In Fig. 2 B and C, we compare the spin-resolved DOS for the pristine MnO2 and MnO2 with an Mn(III) polaron. The pristine MnO2 has a band gap of 3.3 eV, with the VBM mainly O-p–like and the CBM mainly Mn(IV)-d–like with the eg symmetry [a feature also reproduced by a GGA+U calculation with U around 3 eV on the Mn-d orbital (28), but not by semilocal functionals (14)]. The three Mn-d electrons of the Mn(IV) ions take the t23eg0 configuration within the majority spin channel. When a polaron forms, the configuration changes to t23eg1, with the eg1 polaronic state located within the band gap. The formation of an Mn(III) small polaron dramatically modifies both the local DOS on the Mn(III) site and the total DOS of the whole crystal. Except for the polaronic peak, the Mn(III)-d states are pushed upward in energy as a whole by the enhanced Coulomb repulsion arising from the increased d-shell occupancy. Ignoring the polaronic gap state, a big splitting of the conduction band edges between the two spins is also observed. With the interlayer antiferromagnetic ordering, the conduction band edges in the spin-up and spin-down channels are composed of mainly the Mn(IV)-d eg states from the Mn(III)-containing layer and from the other layer of the two-layer supercell, respectively. Therefore, the big spin splitting actually reflects a big potential step between the two MnO2 layers, which arises from the Coulomb repulsion introduced by the extra electron (and its periodic images). The Mn(III)-containing layer has a higher potential (i.e., potential energy of an electron), and we will revisit this later.

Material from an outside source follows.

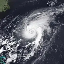 Floyd was first tracked as a tropical depression on September 3 when it organized east of the Leeward Islands. As the depression moved northwest, it caused heavy rain. The highest rainfall reported was 5.7 inches (140 mm) at Antigua. It strengthened into a tropical storm, then reached hurricane strength on September 7.[13] Floyd turned to the northeast and passed just southeast of Bermuda as a weakening hurricane. As a tropical storm, Floyd moved east across the Atlantic until losing its identity on September 12.[13]

To mimic the real samples, we insert metal atoms between the MnO2 layers (with potassium as a prototype), which supply the electrons required to form Mn(III) within the MnO2 layers. We first insert one potassium into the supercell, labeling this scenario “0K|1K” (denoting zero potassium associated to the first layer, layer 1, and one potassium to layer 2) in Fig. 3. The single potassium doping in our two-layer supercell leads to two effects. First the Mn(III) small polaron forms as before, with the needed electron from K (and K becomes K+). The calculated self-trapping energy is −0.38 eV, close to that of the free small polaron. Second, the K–Mn(III), or more appropriately the K+–e− pair, forms an electrical dipole and therefore induces a local dipole field, raising up the potential of the Mn(III)-containing MnO2 layer. Fig. 3A shows the layer-resolved DOS, where the DOS from layers 1 and 2 is plotted with negative and positive values, respectively. From this plot, one can identify an energy splitting as large as 1.5 eV between the conduction band edges of the two layers (also ignoring the polaronic gap state), larger than that in the case of a free small polaron.

Fig. 3.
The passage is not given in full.